Avec ses 101 minutes et son rythme lent, W n’est certainement pas un film pour tout le monde. Disons qu’il se regarde plus comme on assiste à une performance artistique. Eriksson est une artiste avant d’être une cinéaste, et ça se voit dans ses 2 œuvres.

W - Lent
Europa (Anna Eriksson)

Ce n’est certainement pas négatif que de créer une œuvre artistique de façon cinématographique. La Finlandaise crée, d’ailleurs, une création troublante et déstabilisante. Honnêtement, c’est exactement ce qu’on recherche lorsqu’on se présente au FNC. 

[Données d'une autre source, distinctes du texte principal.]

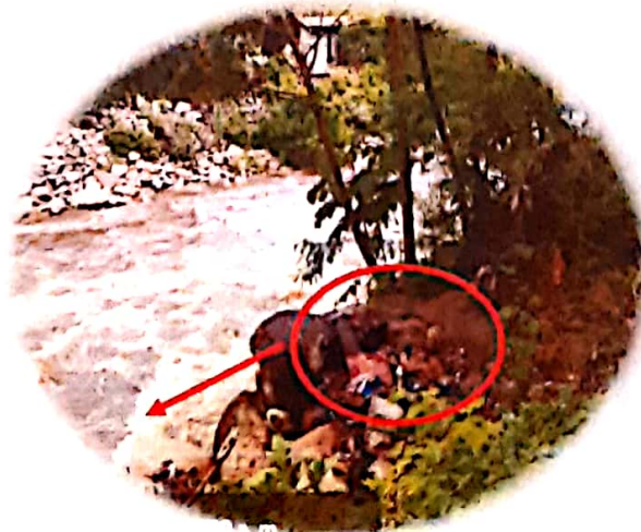
6. Contaminación Recurso Hídrico

Je disais donc que pour apprécier W, il faut se préparer mentalement à visionner une performance subtile et choquante. Eriksson tient le rôle principal et se dévoile tant physiquement que psychologiquement au spectateur. Sa performance est troublante dans cet univers sombre qui n’est pas sans rappeler ceux de David Lynch.

Une vision sombre du monde

La réalisatrice/scénariste ne se cache pas pour dire qu’elle trouve le monde actuel déprimant et macabre. On peut difficilement la contredire lorsqu’on pense à la pandémie, aux guerres et au réchauffement climatique. Elle explique sa vision ainsi : 

W is most certainly a macabre trip because the new reality that is slowly but surely being constructed around us like an invisible wall, seems nothing but macabre to me. Still, I’m waiting for it with the hunger of an animal since what else is there?! There’s just no way an artist at this present time can afford to be nostalgic, sentimental, or fearful. So even though W at times cries out for the past, it does so with the compassion of an executioner, and with a relentless search for a completely new, cinematic expression. (…) [W est assurément un voyage macabre, car la nouvelle réalité qui se construit lentement mais sûrement autour de nous comme un mur invisible, ne me paraît que macabre. Pourtant, je l’attends avec une faim d’animal, car qu’est-ce qu’il y a d’autre?! Il est tout simplement impossible qu’un artiste à l’heure actuelle puisse se permettre d’être nostalgique, sentimental ou craintif. Ainsi, même si W crie parfois pour le passé, il le fait avec la compassion d’un bourreau et avec une recherche incessante d’une expression cinématographique complètement nouvelle. (…)]

Je n’irais pas jusqu’à dire que son expression cinématographique est complètement nouvelle, mais il faut admettre qu’elle est hors-norme. Il y a un petit quelque chose qui rappelle le cinéma expressionniste allemand d’après-guerre. La vision du monde, les mouvements secs et le surréalisme sont là pour le rappeler. Par moment, on ne sait plus trop si Europa est attachée sur une table de métal ou si elle rampe sur un mur. Vous voyez le genre? 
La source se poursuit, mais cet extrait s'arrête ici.